Short-Term Dynamic Radar Quantitative Precipitation Estimation Based on Wavelet Transform and Support Vector Machine


  • Currently, Doppler weather radar in China is generally used for quantitative precipitation estimation (QPE) based on the ZR relationship. However, the estimation error for mixed precipitation is very large. In order to improve the accuracy of radar QPE, we propose a dynamic radar QPE algorithm with a 6-min interval that uses the reflectivity data of Doppler radar Z9002 in the Shanghai Qingpu District and the precipitation data at automatic weather stations (AWSs) in East China. Considering the time dependence and abrupt changes of precipitation, the data during the previous 30-min period were selected as the training data. To reduce the complexity of radar QPE, we transformed the weather data into the wavelet domain by means of the stationary wavelet transform (SWT) in order to extract high and low-frequency reflectivity and precipitation information. Using the wavelet coefficients, we constructed a support vector machine (SVM) at all scales to estimate the wavelet coefficient of precipitation. Ultimately, via inverse wavelet transformation, we obtained the estimated rainfall.

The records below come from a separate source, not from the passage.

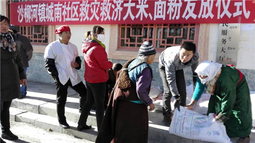 近日,沙柳河镇城南社区举行救灾救济大米、面粉发放仪式。给辖区内的50户城镇低保户、贫困家庭和残疾人家庭每户发放一袋大米和一袋面粉。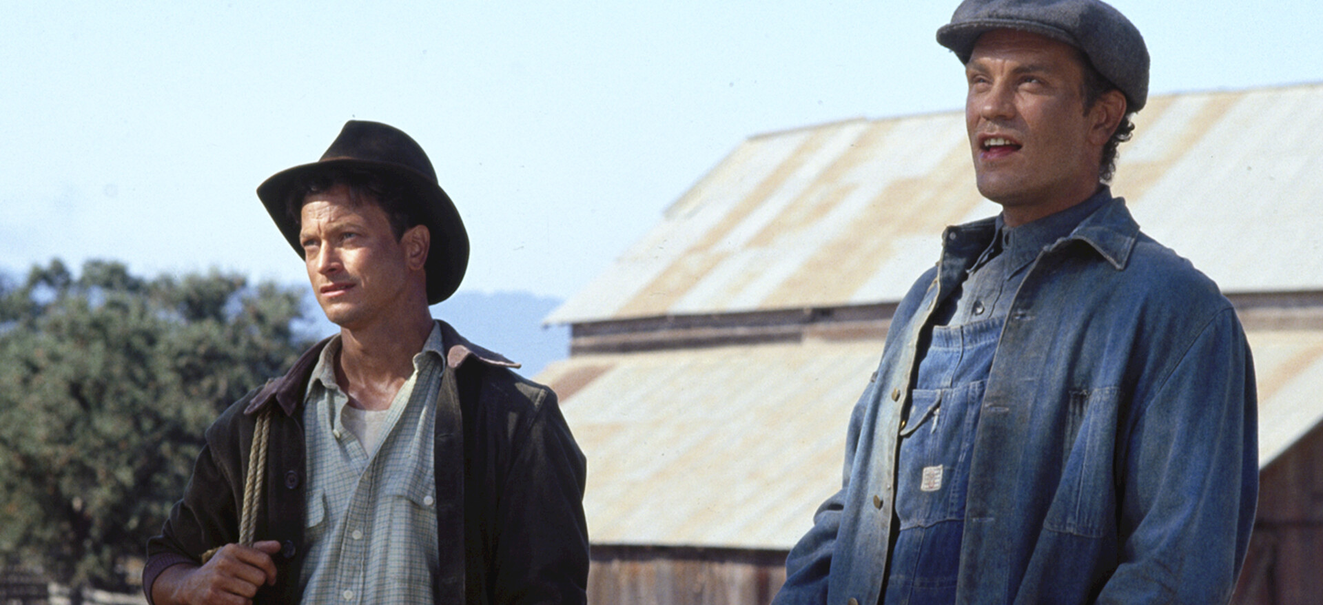 Two migrant workers, one a gentle simpleton and the other his protector, find jobs in Depression-era California, only to have their hopes destroyed.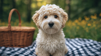 Adorable fluffy puppy on picnic blanket celebrates international dog day. Cute dog sitting in park with wicker basket and curious look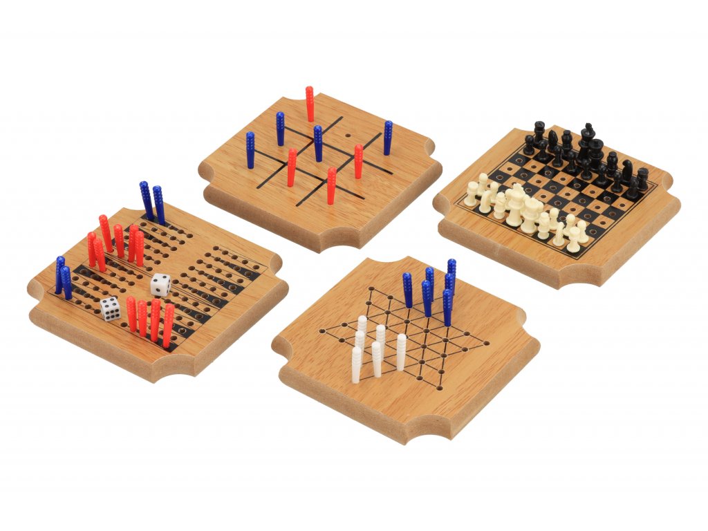 Egy 4 db alátétből és társasjátékból álló készlet, amely rengeteg szórakozást nyújt! Fordítsa meg az alátétet, és nézze meg, milyen játék van alatta elrejtve. Miközben a barátaival iszogat, választhat, hogy sakkozik, paintballozik, backgammonozik vagy kínai dámázik.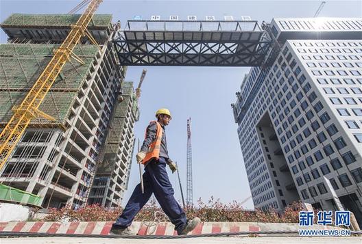 3月28日,中建三局的建设者从提升完成的“空中生态绿廊”周边走过。当日,经过48小时的走走停停,总重1500吨、高9.9米、宽18米、跨度76.5米的钢结构连廊整体提升至离地73.6米的高空,横亘于武汉光谷新城核心区域“中建·光谷之星”项目两栋塔楼之间。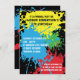 It's obvious before even reading the text on this invitation that the guests are invited to a wild paintball party. Colourful "splats" of paint decorate the black background of this invitation with text overlaying it. Add extra text on the reverse or delete it to leave the area blank. Great for a kid's birthday party, adult get-together or even a corporate paintball event. Available with matching products.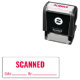 This business self-inking stamp is a text template. You can edit the text to show a custom message. (Shown: SCANNED Date: By:) There are blank lines next to the text for date and by so that you can write that information after stamping if desired.

By comparing the results of the proposed method (SWT-SVM) with those of Z = 300 × R1.4, linear regression (LR), and SVM, we determined that the root mean square error (RMSE) of the SWT-SVM method was 0.54 mm per 6 min and the average Threat Score (TS) could exceed 40% with the exception of the downpour category, thus remaining at a high level. Generally speaking, the SWT-SVM method can effectively improve the accuracy of radar QPE and provide an auxiliary reference for actual meteorological operational forecasting.